By 1851, houses had been built spasmodically along the Hagley Road as far as Rotton Park Road. Portland & York Roads were cut during this decade. As Edgbaston's population grew, the Church of England responded by building new churches and St. George's Church, Edgbaston, was consecrated in 1838 and St James's in 1852.

In 1864, Joseph Gillott, the wealthy pen manufacturer, who was then resident in Westbourne Road, Edgbaston, discussed with J. A. Chatwin the location for a new church.

Following an open competition, the design by J. A. Chatwin was chosen.
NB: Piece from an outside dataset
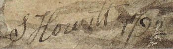 We have rematted and reset the prints in their frames. The titles were on handwritten cards accompanying each print. These cards may have been mounted to earlier frames or cut from the original mats. There were also indications on the paper backing of the frames that they were once part of a set of six. A pair of Howitt watercolors of hunters pursuing and capturing a hare sold at Sotheby’s in 2004 may have been associated with the four shown here. Their size and materials are the same, and they have similar landscape settings, compositions and color schemes. Like some of the four paintings shown here, both were signed “Howitt” and one was also dated 1792. (See References below).

Chatwin had suggested "forming an island site a short distance from the Hagley Road which should be approached by a straight road from that thoroughfare". This site was offered to the ecclesiastical authorities for a new church as existing church accommodation was inadequate for the population of 18,000. A Subscription Account raised £9,000, for the building of a church dedicated to St Augustine of Hippo.

The foundation stone was laid on 14 October 1867 and the body of the church, its chancel, nave and aisles were consecrated on 12 September 1868 by the Bishop of Worcester, Mervyn Charles-Edwards.
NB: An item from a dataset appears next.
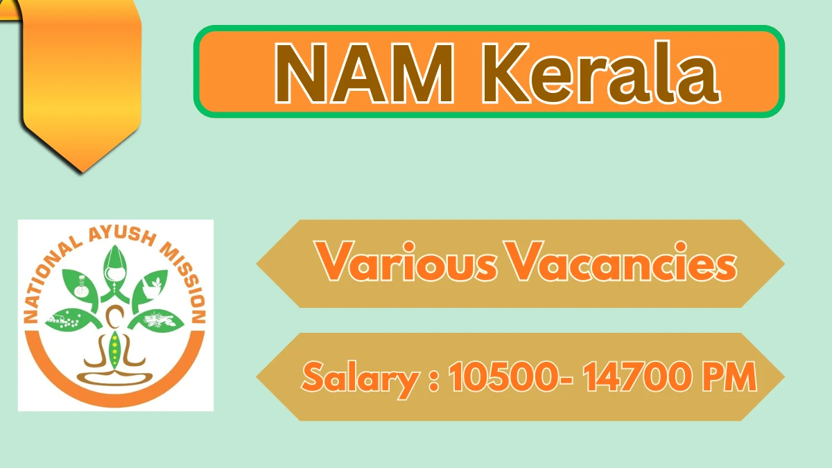 National Ayush Mission Kerala (NAM Kerala) has released Multipurpose Worker, Pharmacist, More vacancies. Eligible candidates with 12TH can apply Offline from January 17, 2026, to January 27, 2026, at nam.kerala.gov.in.

The tower and spire, 185 feet high and the tallest in Birmingham, were added in 1876 at a cost of £4,000,. The body of the church is in the Geometric Gothic style and has a striking painted chancel ceiling representing chapter 5 of the Book of Revelation and some very good stained glass by Hardman & Co. There is a wealth of stone carving inside, much of it by John Roddis, including a reredos with its representation of the Last Supper based upon Leonardo da Vinci's design, and unusual capitals on the nave pillars representing the four seasons and twelve months of the year.

Just before the Second World War the South transept, underneath the tower, was cleared of pews to create a Lady chapel. This was given in memory of Benjamin Tilley (1851-1920) and his wife, Elinor G. Tilley (1855-1930) by their daughter, Elinor Mary Incledon (1878-1954). The chapel is surrounded on two sides by a parclose screen, completed after the war, and carved partly in an Art Nouveau style by Robert Pancheri.

A new baptistry created in the North transept in 1964 was designed by George Pace and a spacious narthex, designed by P. B. Chatwin (Chatwin's son), was added in 1968 to mark the church's centenary year. The carving on the font cover is by John Bunting, as also are the finials on the riddel posts of the Lady Chapel, representing the four evangelists.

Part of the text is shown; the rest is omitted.